Essential Python Modules: Requests, JSON, Datetime, OS for Data Science
Master Python's essential modules for data science. Learn requests for APIs, json for data, datetime for time series, os for file operations, and more

The Modules Every Data Scientist Uses Daily
Every data science project needs these modules. Here's your complete guide!
Requests: HTTP for Humans
The requests library makes HTTP requests simple and Pythonic.
Basic HTTP Methods
import requests
# GET request - retrieve data
response = requests.get('https://api.github.com/users/python')
data = response.json()
print(f"Status: {response.status_code}")
print(f"Python has {data['public_repos']} public repos")
# POST request - send data
payload = {'username': 'alice', 'email': 'alice@example.com'}
response = requests.post('https://api.example.com/users', json=payload)

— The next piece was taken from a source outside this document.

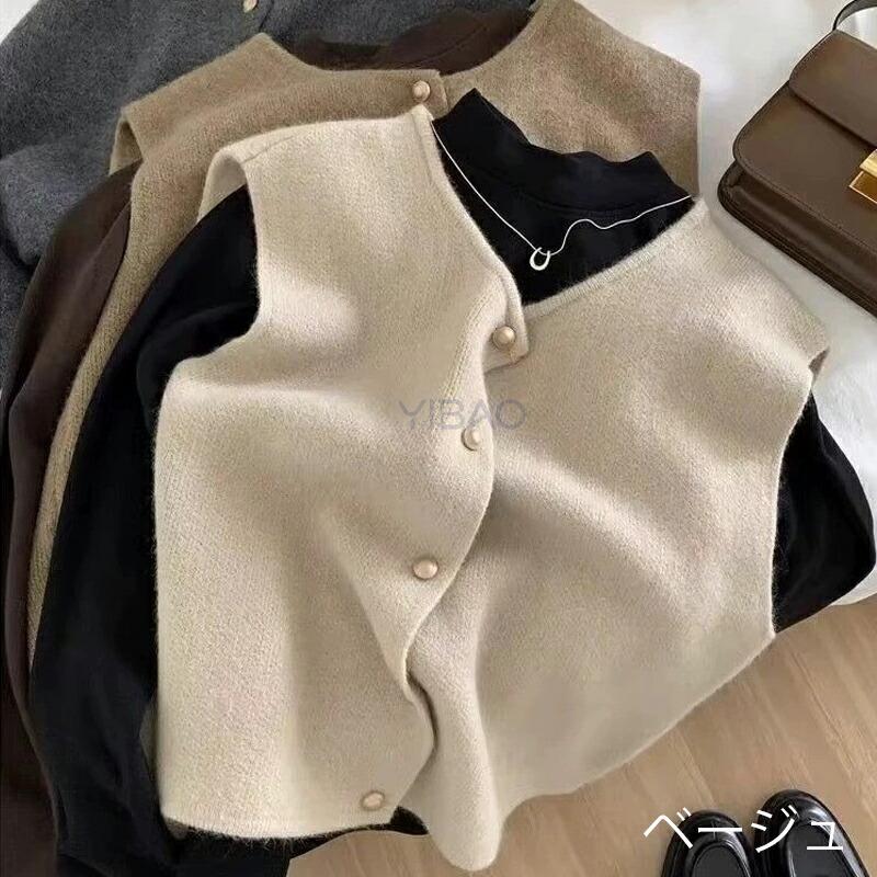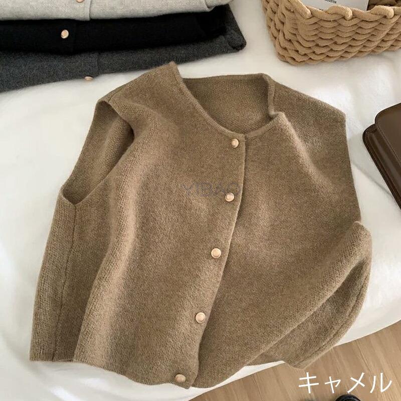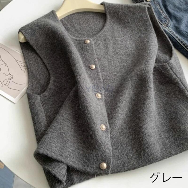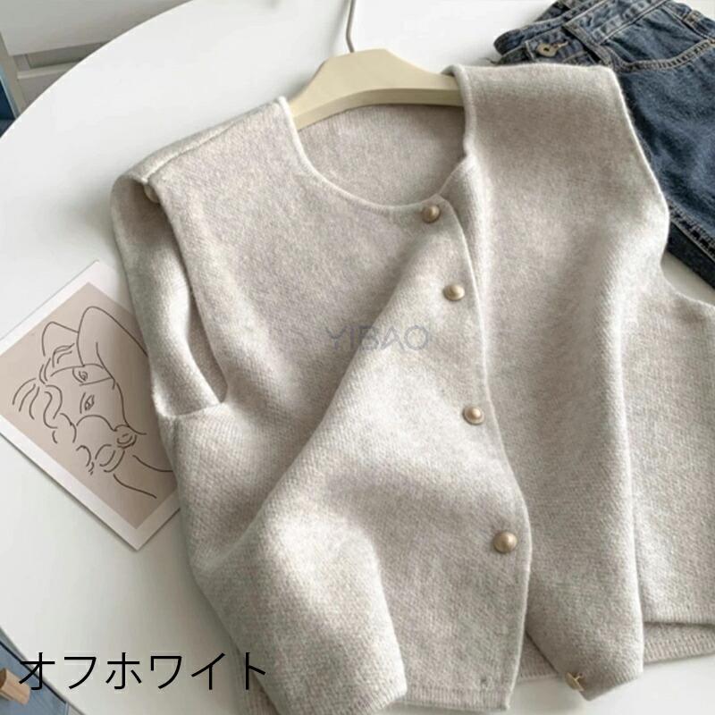 ジレ レディース ニットベスト 春秋 ニットジレ ノースリーブニット カジュアル 前開き 韓国風 ショート丈 春秋冬 ニットトップス 柔らかい ショートベスト 厚手

# PUT request - update data
updated_data = {'email': 'newemail@example.com'}
response = requests.put('https://api.example.com/users/123', json=updated_data)
# DELETE request
response = requests.delete('https://api.example.com/users/123')
Headers and Authentication
# Custom headers
headers = {
'User-Agent': 'My App/1.0',
'Accept': 'application/json',
'Authorization': 'Bearer YOUR_TOKEN_HERE'
}
response = requests.get('https://api.example.com/data', headers=headers)
# Basic authentication
from requests.auth import HTTPBasicAuth
response = requests.get(
'https://api.example.com/data',
auth=HTTPBasicAuth('username', 'password')
)
# Bearer token (common for APIs)
headers = {'Authorization': f'Bearer {api_token}'}
response = requests.get('https://api.example.com/data', headers=headers)
Query Parameters
# Method 1: URL string
response = requests.get('https://api.example.com/search?q=python&limit=10')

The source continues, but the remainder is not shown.